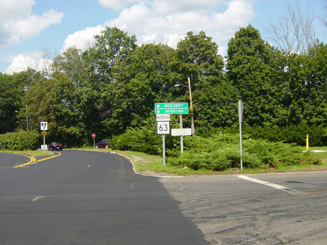 CT 63 is a north/south route extending from New Haven to Canaan in the northwest corner of the state. It begins at the point where CT 10 turns from Whalley Avenue onto Fitch Street. CT 63 follows Whalley Avenue until just before its interchange with the Wilbur Cross Parkway (CT 15). There, Whalley Avenue splits off to become CT 69, while CT 63 continues to the north as Amity Road. In Bethany, Amity Road curves to the west and becomes New Haven Road. Amity Road runs west toward Naugatuck, where it curves to the north and becomes South Main Street. At an interchange with the CT 8 expressway, CT 63 leaves South Main Street and turns west again, crossing a bridge over the Naugatuck River. On the other side, it merges into Cherry Street. CT 63 changes names a few times as it passes through Naugatuck from Cherry Street to Meadow Street to Church Street.
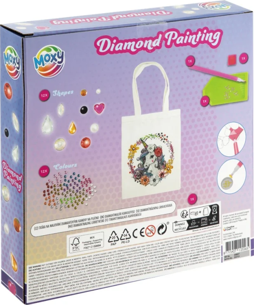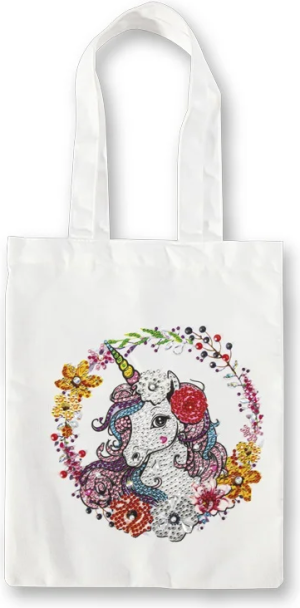 Sada pro dotvoření tašky s obrázkem jednorožce ozdobeného diamantovými kamínky. Diamantové malování je nejen skvělý způsob relaxace, ale také zábava pro všechny bez ohledu na věk.
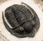 側面から撮影した一枚です。先ほど立体保存と述べましたが、ご覧のように中央軸が大きく盛り上がり、デボン紀三葉虫らしい迫力とボリュームを備えています。

=== WORK TASK ===
Copy the lines exactly. Start at the line with "Sada pro dotvoření", end at the last line above, include both, and omit all pictures.

=== WRITTEN RESPONSE ===
 Sada pro dotvoření tašky s obrázkem jednorožce ozdobeného diamantovými kamínky. Diamantové malování je nejen skvělý způsob relaxace, ale také zábava pro všechny bez ohledu na věk.
 側面から撮影した一枚です。先ほど立体保存と述べましたが、ご覧のように中央軸が大きく盛り上がり、デボン紀三葉虫らしい迫力とボリュームを備えています。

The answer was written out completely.